Intel® Software Guard Extensions (Intel® SGX)
Discussion board focused on hardware-based isolation and memory encryption to provide extended code protection in solutions.

system("Command") inside the enclave

SAM_R_2
Beginner
359 Views

Hi,

We should not use system("Command") inside the enclave.

Can we use wget,CuraEngine or " powershell -command "& { (New-Object Net.WebClient).DownloadFile('http://myUrl', 'C:\path\to\test.json')}" " like commands directly inside the enclave.

Usually we keep eclaveWrapper  files in enclave_definition folder. Can we run the above commands in eclaveWrapper files which is different than the enclave_application folder. if we follow this process can we make sure about the safety of the files.

Thanks & Regards,

0 Kudos
1 Solution
Francisco_C_Intel
359 Views

As a general statement, IO is not supported inside an enclave - you have to make OCALLs.

If your enclave makes an OCALL to the untrusted part of your application, and in the untrusted part of your application you decide to make any of the IO calls you mentioned, then this "will work" from a "is this possible" perspective.

As you mentioned, it would be up to you to verify that whatever data you obtained (via wget, powershell, etc) is data that you trust and want to pass back to the enclave. Furthermore, an attacker may view or modify the data sometime between the time you received it and the time you sent it to the enclave. You would have to protect against that as well.

View solution in original post

0 Kudos
1 Reply
Francisco_C_Intel
360 Views

As a general statement, IO is not supported inside an enclave - you have to make OCALLs.
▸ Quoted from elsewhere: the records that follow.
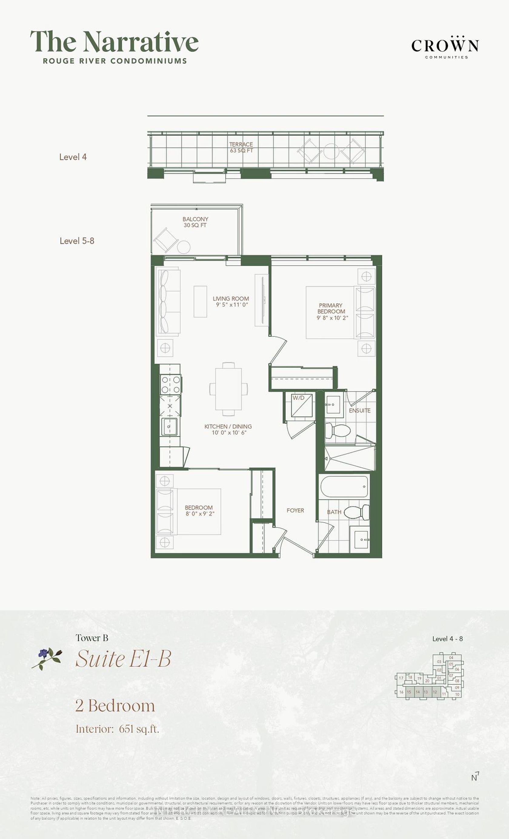 Welcome to The Narrative Condos, located in the highly sought-after Rouge community of Toronto. Presenting the stunning E1B model: a brand new 651 sq. ft. 2-bedroom, 2-bathroom condo complete with parking and a storage locker, right in the heart of Rouge!Your quest for the ideal combination of city convenience and natural beauty ends here. This modern luxury suite offers an upscale living experience, surrounded by serene ravines, lush parks, scenic nature trails, and the beautiful shores of Lake Ontario-all while being just minutes away from Highways 401 and 407, TTC and GO Transit, as well as vibrant shopping areas, banks, healthcare facilities, and everyday necessities.Enjoy exceptional building amenities, including a wellness center with weight and cardio equipment, a yoga studio, a children's play area, a party room, a games room, and an outdoor terrace equipped with BBQs
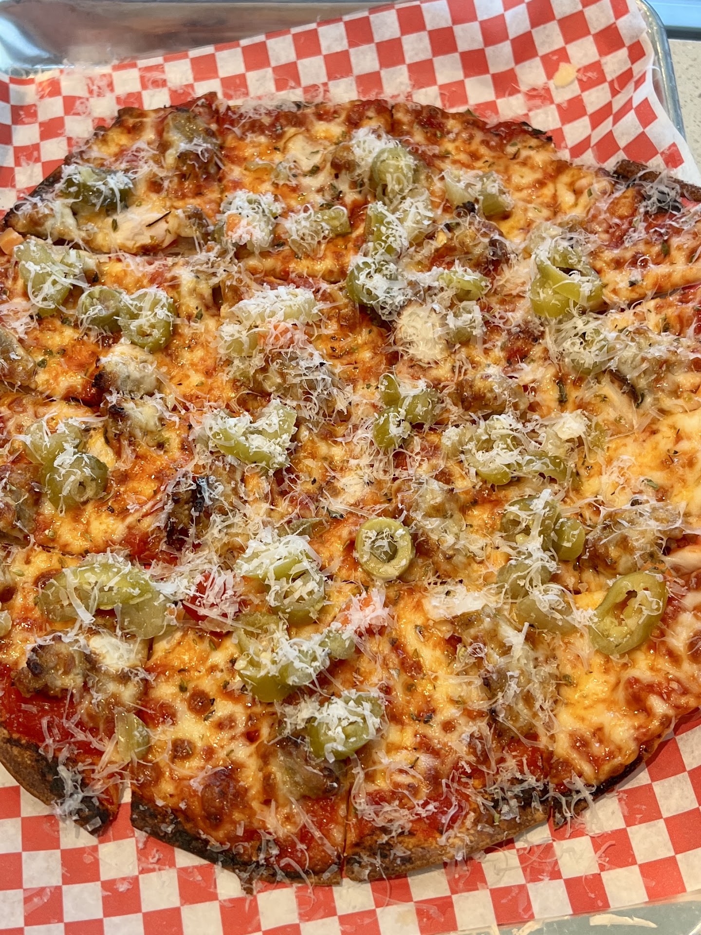 The crust is ultra-thin, shatteringly crisp, and beautifully golden, just like the best tavern-style pizzas in Chicago. The toppings are generous but donāt overwhelm the crust, and the cheese has that perfect pull with just a little caramelized edge action. And letās talk about the square-cut slicesābecause we all know thatās the only way to do it right!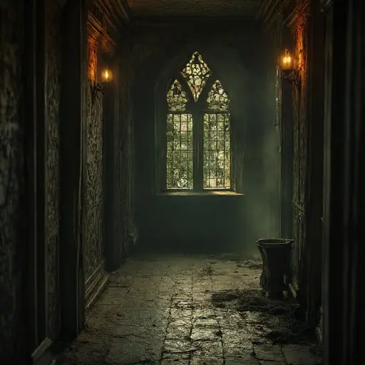 Beyond the workshop, a winding corridor gathers the mansion’s remaining murmurs like forgotten threads. Each creaking step feels deliberate, as though the house is weighing my presence against the memories it still guards. Portraits line the hallway, their varnish cracked, their faces softened into ghostly warmth. One shows Elias beside a towering regulator clock, pride shadowed by quiet fear. Tucked behind the frame, a slip of parchment flutters in a chilly draft. Its ink blurs, yet a single line remains clear enough to pierce the silence: “I could not finish what time demanded of me.” The words tremble in my hands. Ahead, a locked door waits, humming with a faint ticking that does not belong to wind or shifting beams. I press my ear to the wood and hear the delicate pulse of something long paused but never extinguished. In the dim glow, Marrowell Grange seems to lean close, urging me deeper, inviting a final listener to understand the sorrow it still protects. Its lingering heartbeat guides me toward secrets waiting in stillness.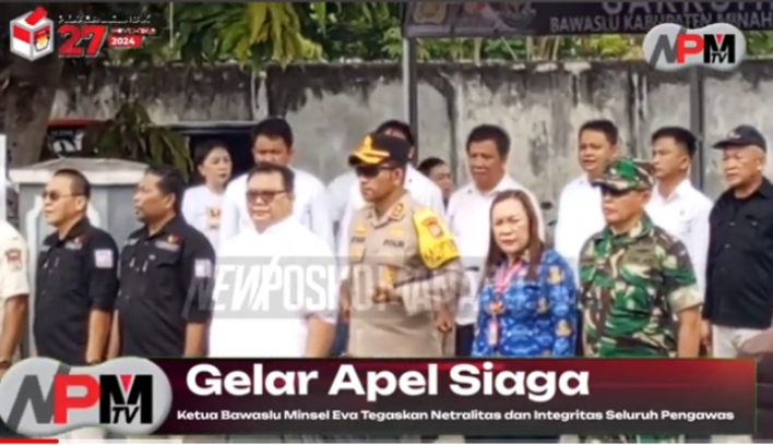 Apel siaga dihadiri Forkopimda, Ketua KPU Minsel dan jajaran pengawas di tingkat kecamatan dan kelurahan/desa.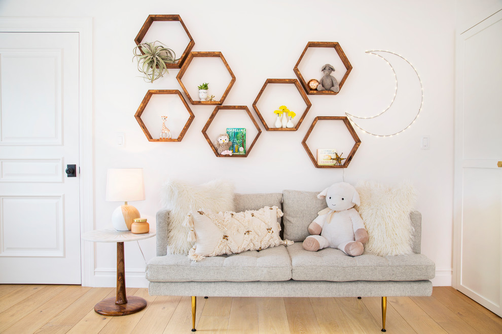 Нейтральный светло-серый диван на два места в комнате грудного ребенка, который пока спит в кроватке. Отличный, очень универсальный в плане будущего оформления комнаты, выбор «на вырост»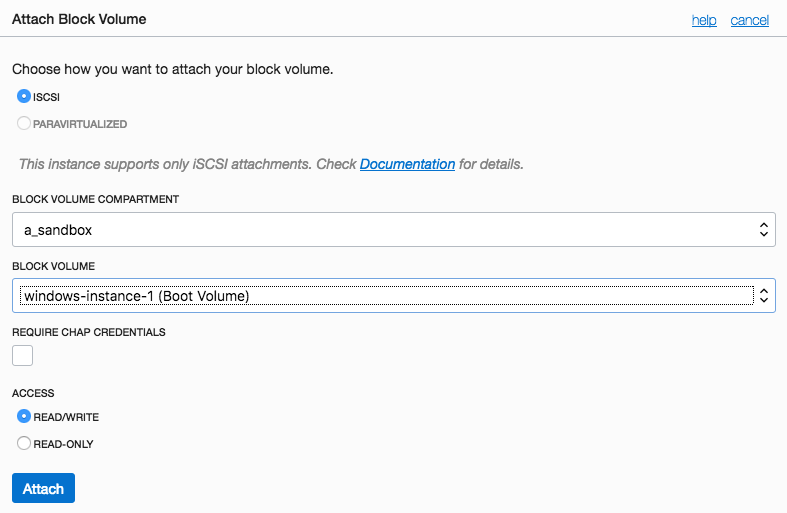 When the Ubuntu instance switches to the RUNNING state, attach the Windows instance boot volume as a block storage volume.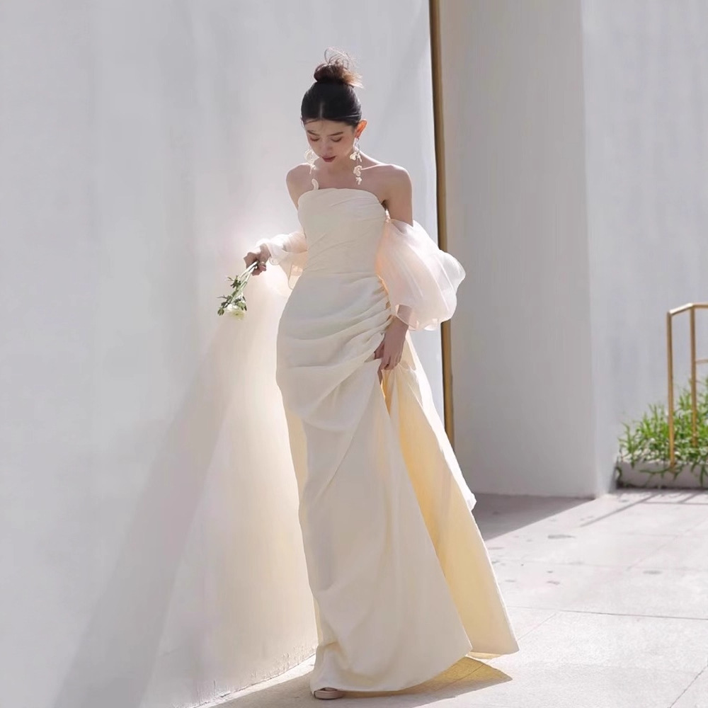 旅行写真ライトウェディングドレスフォレストスタイルスーパーフェアリーシンプルなホワイトサテンイブニングドレス女性のための 2025 新しい結婚式の外出糸長袖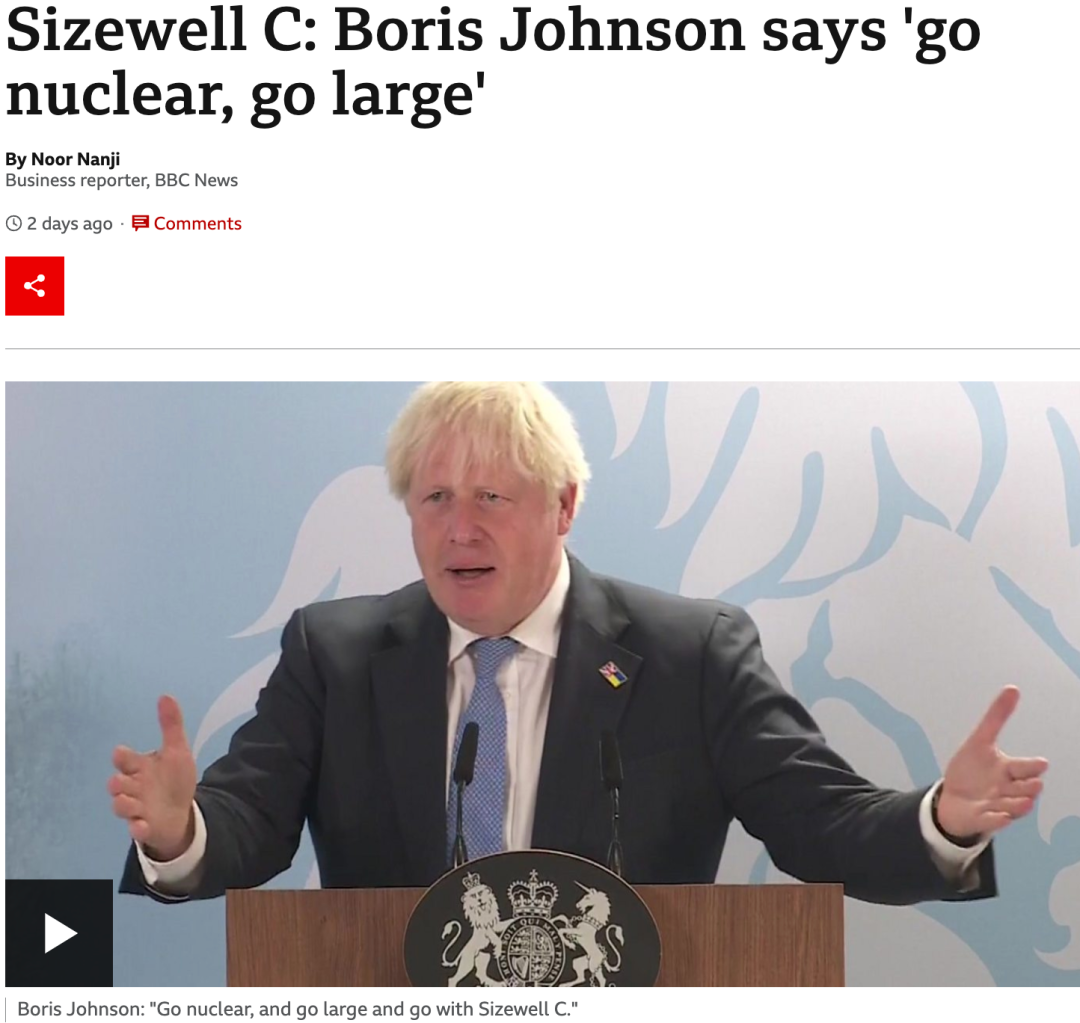 為應對能源危機,即將離任的約翰遜首相為英國新建核電站提供資金

If your enclave makes an OCALL to the untrusted part of your application, and in the untrusted part of your application you decide to make any of the IO calls you mentioned, then this "will work" from a "is this possible" perspective.

As you mentioned, it would be up to you to verify that whatever data you obtained (via wget, powershell, etc) is data that you trust and want to pass back to the enclave. Furthermore, an attacker may view or modify the data sometime between the time you received it and the time you sent it to the enclave. You would have to protect against that as well.